On Tue, Jan 20, 2015 at 12:47 AM, Benjamin Staffin <[email protected]

wrote:

It does still intercept system calls in userland, and it's going to have
some unavoidable speed overhead.

—
Reply to this email directly or view it on GitHub
https://github.com/NixOS/nix/issues/179#issuecomment-70581168.

My sophisticated web searches (i.e. "proot benchmark") didn't show up
anything. Anybody tried it yet?

On Tue Jan 20 2015 at 4:17:27 AM Alexander Kjeldaas <
[email protected]> wrote:

Isn't it documented to use ptrace? If so it will signal the controlling
process and wait for a command on every syscall that is intercepted.

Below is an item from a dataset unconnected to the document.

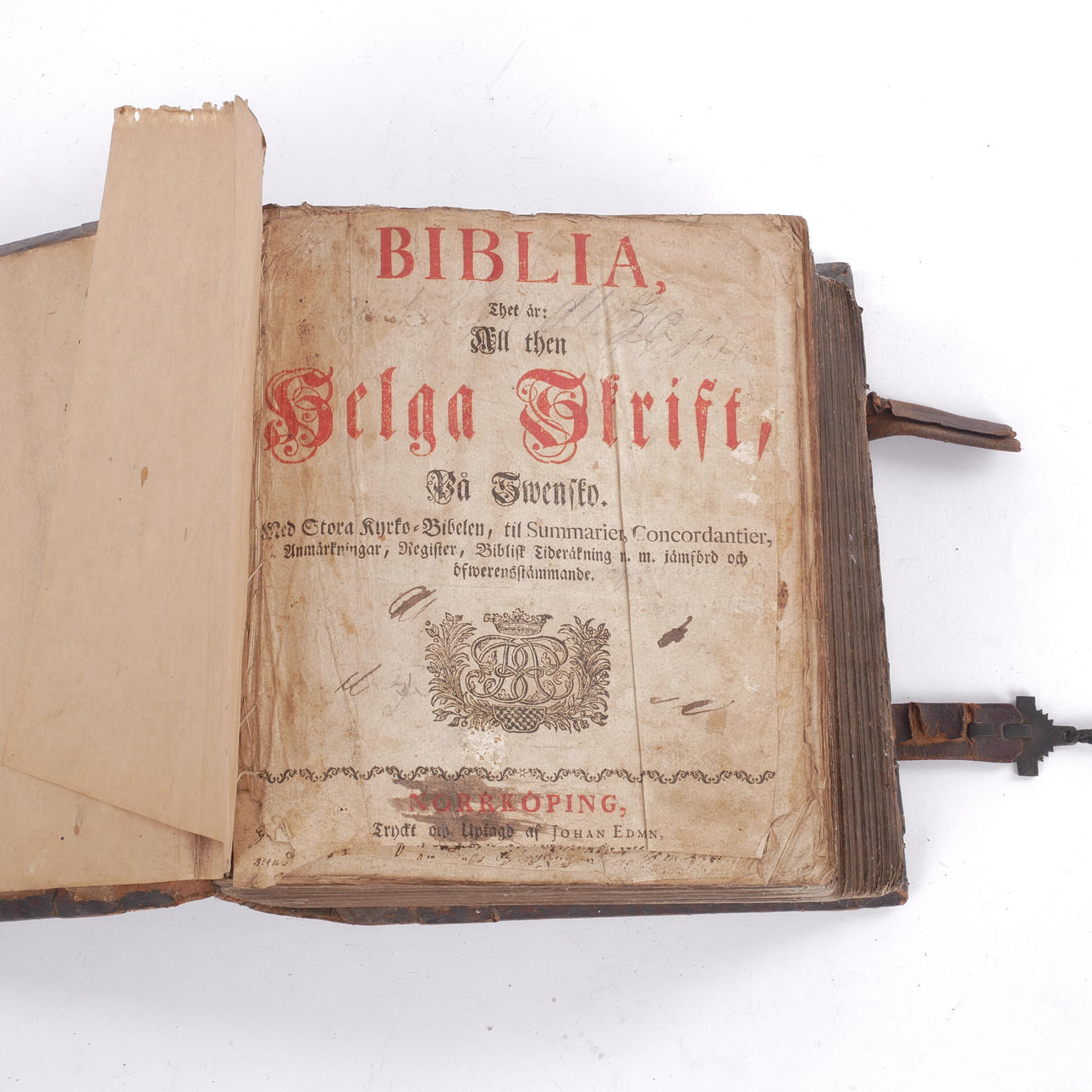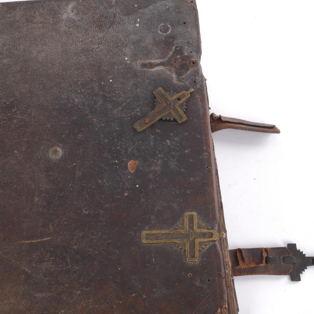 Use and age-related wear, moisture stains. A clasp in the form of a cross is loosely supplied. A few leaves with minor damage.

On Tue, Jan 20, 2015 at 12:47 AM, Benjamin Staffin <
[email protected]

wrote:

It does still intercept system calls in userland, and it's going to have
some unavoidable speed overhead.

—
Reply to this email directly or view it on GitHub
https://github.com/NixOS/nix/issues/179#issuecomment-70581168.

—
Reply to this email directly or view it on GitHub
https://github.com/NixOS/nix/issues/179#issuecomment-70598527.

Hello all,

I confirm that PRoot uses QEMU to run non-native binaries only, and
that it is currently based on ptrace; which is known to cause a
significant slowdown. However, in order to decrease this slowdown as
much as possible, PRoot uses process_vm_{readv/writev} (available on
Linux 3.2+) and seccomp mode 2 (available on Linux 3.5+). For
information, here follow figures I've published when I've enabled
seccomp mode 2 in PRoot:

https://github.com/cedric-vincent/PRoot/blob/v5.1.0/doc/proot/changelog.txt#L510

My suggestion is to give PRoot a try if your kernel version is equal
or greater than 3.5, and if it's not too difficult to replace in your
scripts calls to "chroot" and to "mount --bind" with a call to
"proot". If PRoot is not fast enough, this will be likely fixed in
the future using kernel namepaces (available on Linux 3.8+).

Regards,
Cedric.

Seems like using Linux namespaces would dovetail with the pure Darwin stdenv work. All the better if they are faster than chroots.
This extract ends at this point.